Choice of specialization in ob gyn

CARTA AO EDITOR

Escolha da especialização em ginecologia e obstetrícia

Choice of specialization in ob gyn

Miriam da Silva WanderleyI; Dejano Tavares SobralII

IProfessora Adjunto de Ginecologia e Obstetrícia da Faculdade de Medicina da Universidade de Brasília - UnB - Brasília (DF), Brasil

IIProfessor Emérito da Faculdade de Medicina da Universidade de Brasília - UnB - Brasília (DF), Brasil

Correspondência Correspondência: Miriam da Silva Wanderley Faculdade de Medicina da Universidade de Brasília Campus Universitário Darcy Ribeiro CEP 70900-000 - Brasília (DF), Brasil E-mail: miriamsw@unb.br

A especialização faz parte da identificação profissional do médico e tem raízes anteriores à graduação em Medicina. Existem muitas influências na escolha da área de especialização, que incluem diferenças individuais em aptidões, habilidades e personalidade, circunstâncias que antecedem ou decorrem do treinamento clínico, bem como injunções das perspectivas de inserção profissional, tanto oportunidades e recompensas, como desgastes e frustrações.
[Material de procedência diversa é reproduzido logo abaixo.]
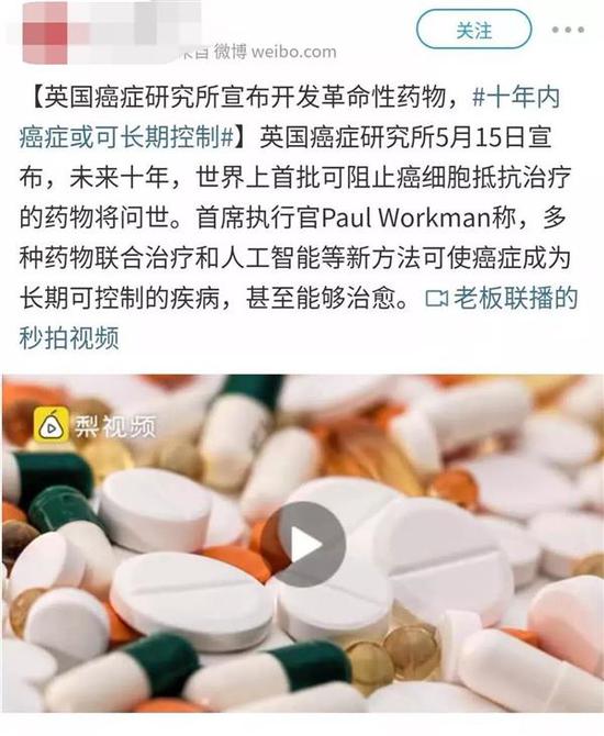 而这两天,我们在癌症方面似乎看到了新的希望:英国癌症研究所5月15日宣布,未来10年,世界上首批可阻止癌细胞抵抗治疗的药物将问世。其首席执行官称,多种药物联合治疗和人工智能等新方法可使癌症成为长期可控制的疾病,甚至能够治愈!
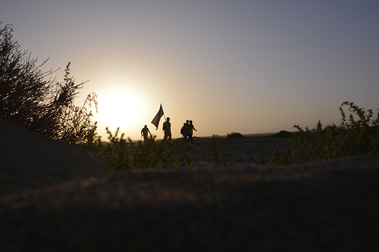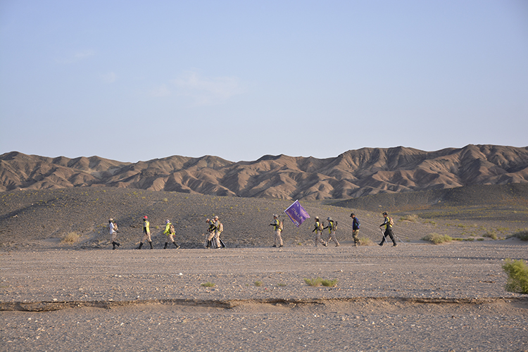 戈壁里的每一个清晨都是清新、明亮的,沐浴着朝阳出发,更是感觉富有生机、充满活力、充满着和队友一起迎接这一路上徒步挑战的勇气。
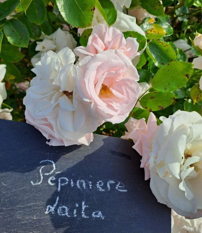 Couleurs : Blanc rose Hauteur : 1,80 x 1,20 m Floraison : Remontant Parfum : ++
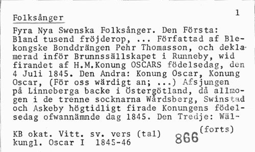 //// Folksånger 1 //// Fyra Nya Swenska Folksånger. Den Första: Bland tusend fröjderop, ... Författad af Ble-kongske Bonddrängen Pehr Thomasson, och deklamerad inför Brunnssällskapet i Runneby, wid firandet af H.M.Konung OSCARS födelsedag, den 4 Juli 1845. Den Andra: Konung Oscar, Konung Oscar, (För oss wärdigt an; ...) Afsjungen på Linneberga backe i Östergötland, då allaogen i de trenne socknarna Wardsberg, Swinstad och Askeby högtidligt firade Konungens födelsedag ofwannämnde dag 1845. Den Tredje: Wäl- //// KB okat. Vitt. sv. vers (tal) Qfifi^fortS^ kungl. Oscar I 1845-46 ÖOD ////
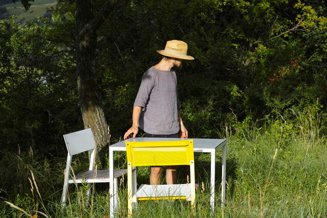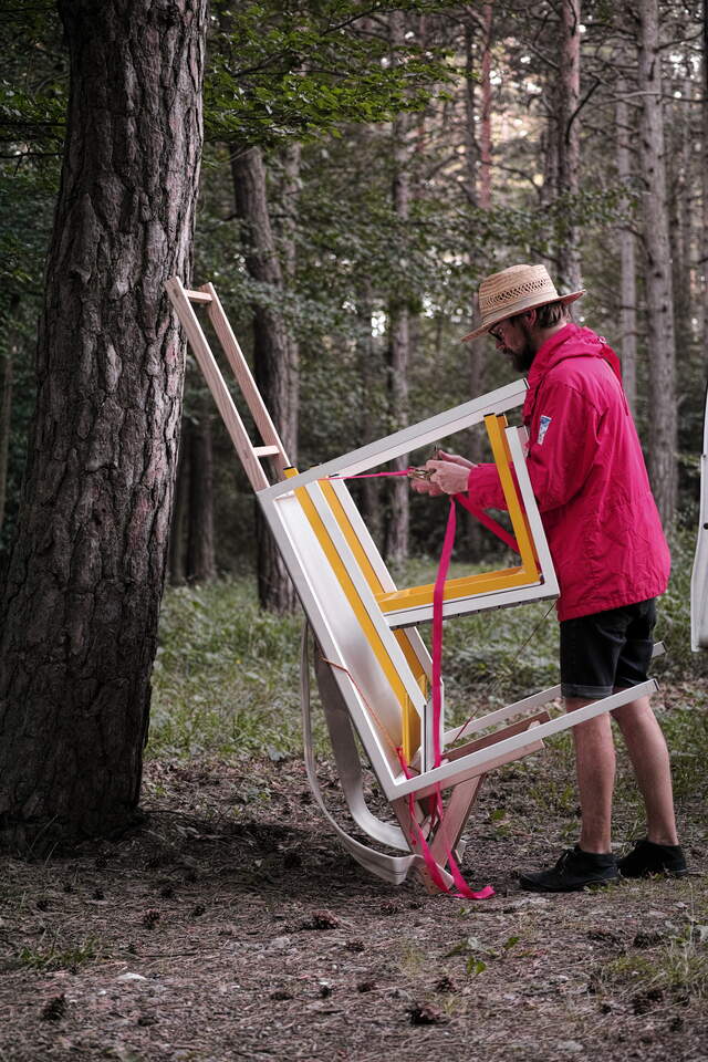 Jedinou komplikaci rozměrného nákladu představoval hustý porost. Na místo jsme dorazili v čas východu slunce. Po vysečení plácku vysoké trávy v blízkosti nevzrostlého doubku, natrhání kytice a ustavení mobiliáře jsme společně zasedli ke stolu. Provoz této vyhlídky jsme začali snídaní o čaji z čerstvě natrhané dobromysle a koláčcích od babky z Huslenek. Vychutnávajíc si ranní slunce při snídani s výhledy jsme se shodli, že místo musíme zažít i při západu. A tak se i stalo. Ke společnému stolu jsme pozvali místního sochaře a jeho rodinku, který nám místo ukázal. Zasedli jsme ke stolu podruhé. S číšemi vína připíjíme na zdraví a krásný večer. Pak už jen v tichém obdivu sledujeme okolí zalité teplým světlem zapadajícího slunce. Pohled to byl vskutku čarovný.
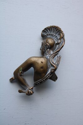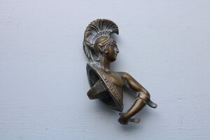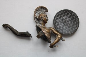 Modellteile für Briefbeschwerer bzw. Papierdrücker Speerwerfer zusätzlich mit zweitem Speerarm. Drei Modellteile aus Bronzeguss zum Abformen der Statuette des römischen Speerwerfers "Romulus", eines Papierdrückers, der im Musterbuch bzw. Katalog der Sayner Hütte angeboten wurde. Der dann in Eisen gegossene Speerwerfer wurde auf eine langrechteckige Plinthe mit umlaufendem Akanthusfries und Perlstab montiert. Die Modellteile, zu denen noch ein zweiter Speerarm und ein Ovalschild gehören zeigen Reste von weißem Puder. Nach dem Sayner Modellverzeichnis handelt es sich um die Nr. 127 "Briefhalter: Romulus" und nach dem Gleiwitzer Preiscourant von 1847 um "No. 66/67 - 6" "Fechter, kämpfend mit Speer" als Briefbeschwerer". Als Pendant gilt der "Fechter, kämpfend mit Schwert". bzw. nach dem Sayner Modellverzeichnis "Tatius". Vgl. Inventar 4.363
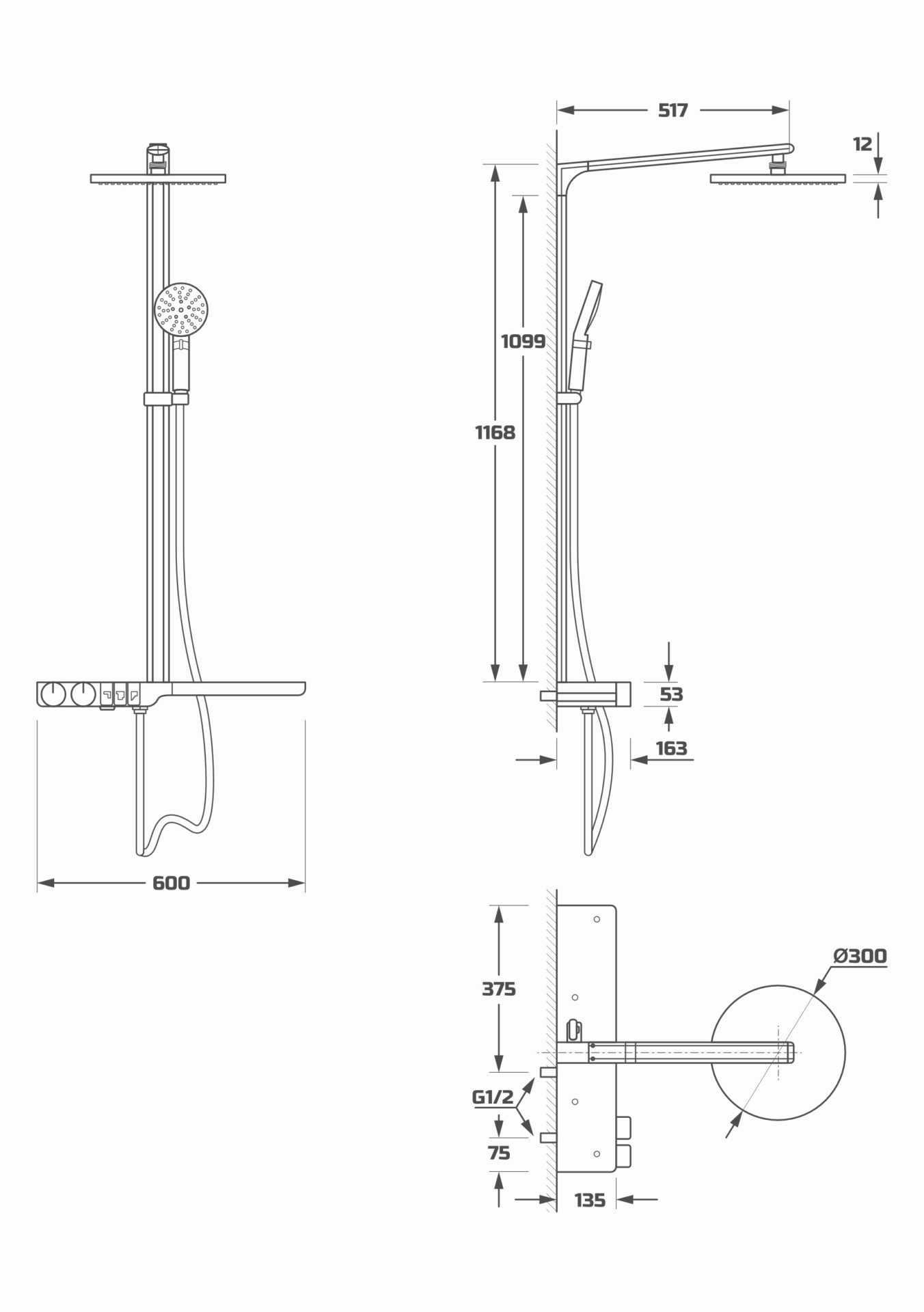 Схема товара Душевая система с термостатом PL24109
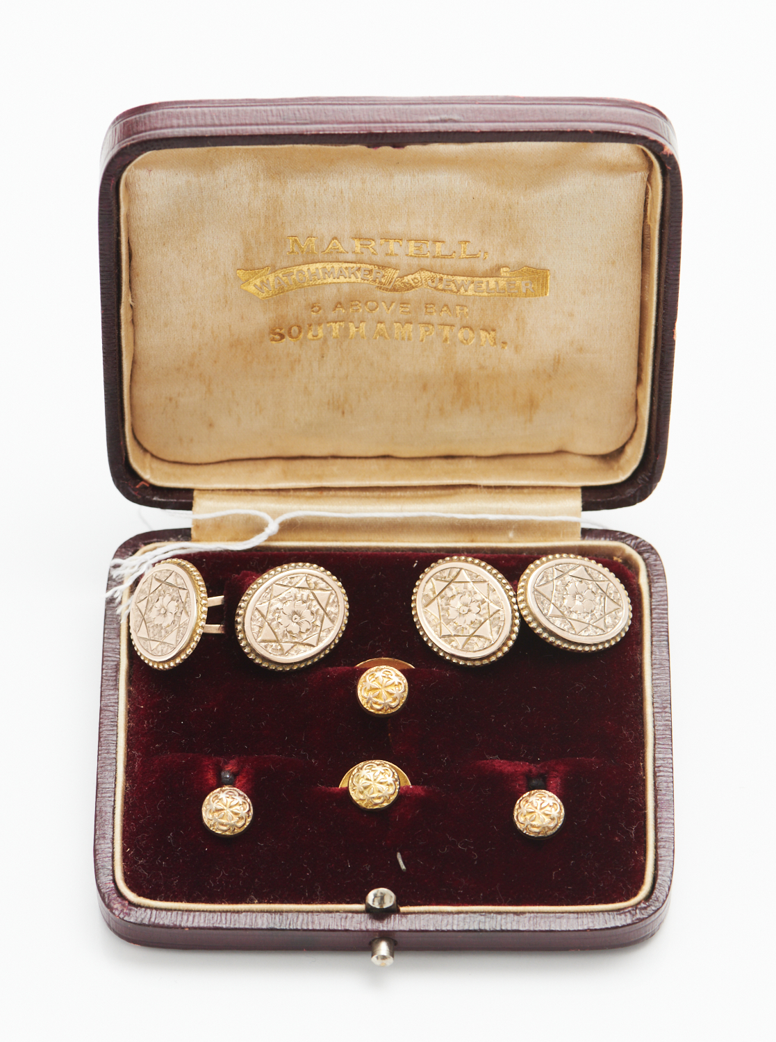 A SET OF EDWARDIAN GOLD LINED CUFFLINKS AND STUDS, BOXED
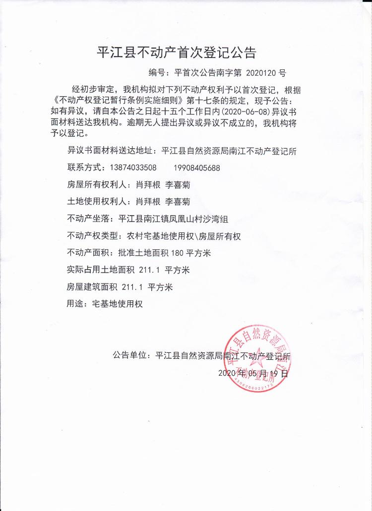 肖拜根 李喜菊不动产首次登记公告
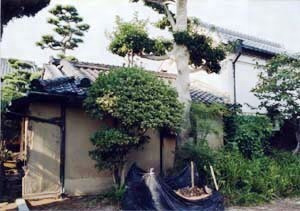 主屋の南方,三の蔵に接続して建ち,主屋と渡り廊下で連絡する。4畳半床付きの茶室,その東の3畳の水屋,これらの北の縁よりなる。茶室ではあるが,入母屋造,桟瓦葺で,西妻の破風を漆喰で塗り込め,装飾付きの掛瓦を用いるなど,重厚な外観をもつ。
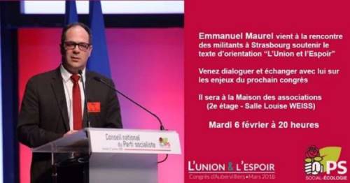 Emmanuel Maurel, député européen, vient à la rencontre des militants à Strasbourg pour présenter son texte d’orientation l’Union & l’espoir, déposé dans le cadre du 78e Congrès du Parti Socialiste, et sa candidature au poste de Premier Secrétaire.

A escola médica desempenha papel relevante nessa escolha, na confirmação ou substituição da preferência inicial por uma dada especialidade. Essa influência se apresenta em múltiplos aspectos, tais como currículo, recursos humanos, cenários de ensino, formas em que as disciplinas estão estruturadas, adequação da supervisão pelos preceptores, etc., que incidem principal, mas não exclusivamente, durante o internato médico1.

Na área de Ginecologia e Obstetrícia (GO), apesar de poucos estudos publicados enfocando fatores que definem a preferência por essa especialidade médica em detrimento de outras, observou-se que a satisfação com o treinamento em serviço foi uma influência consistente2,3, e que há uma crescente predominância de mulheres entre os candidatos a essa especialidade no exterior4 - aspecto esse que não foi encontrado em estudo realizado na década passada no Brasil5. Trabalho realizado nos Estados Unidos observou que sexo, etnia e experiência satisfatória no treinamento clínico foram fatores preditivos estáveis na escolha por GO na última década, enquanto outros sofreram variações conforme diferentes circunstâncias3.

Estudo realizado com 792 graduandos da Faculdade de Medicina da Universidade de Brasília (UnB), no período de 1994 a 2006, não mostrou diferença significativa na inscrição para Residência Médica em GO entre os sexos (6,4% de homens versus 9,9% de mulheres; p=0,07). No entanto, a realização de monitorias e estágio optativo em GO e o nível de rendimento acadêmico, tanto global como na área em questão, demonstraram forte associação com a futura escolha da especialização. Interessante observar que 8% (63) dos 792 estudantes escolheram GO como especialidade médica - proporção significativamente maior que os 5,2% que indicaram preferência por essa área logo que ingressaram no curso (p=0,01; teste de McNemar)6.

Cinco características são apontadas como necessárias para o bom ginecologista-obstetra: gostar de trabalhar com as mãos e de cuidar de mulheres, apreciar resultados imediatos dos seus esforços, saber lidar com assuntos delicados em situações tensas e tomar decisões rápidas com autoconfiança7. Nessa perspectiva, o internato parece constituir a ocasião decisiva para o estudante confirmar ou não a sua compatibilidade com a área, reconhecendo possuir ou não as habilidades adequadas para segui-la. No estudo da UnB, quase 10% dos egressos mudaram de preferência no tocante a GO do início ao término do curso. E, destes, 40% se inscreveram em Residências Médicas denominadas - na falta de um termo melhor - com estilo de vida "governável", tais como Anestesiologia, Dermatologia, Oftalmologia, Otorrinolaringologia e Radiologia6; observação essa que, por si só, já ensejaria posterior estudo mais aprofundado.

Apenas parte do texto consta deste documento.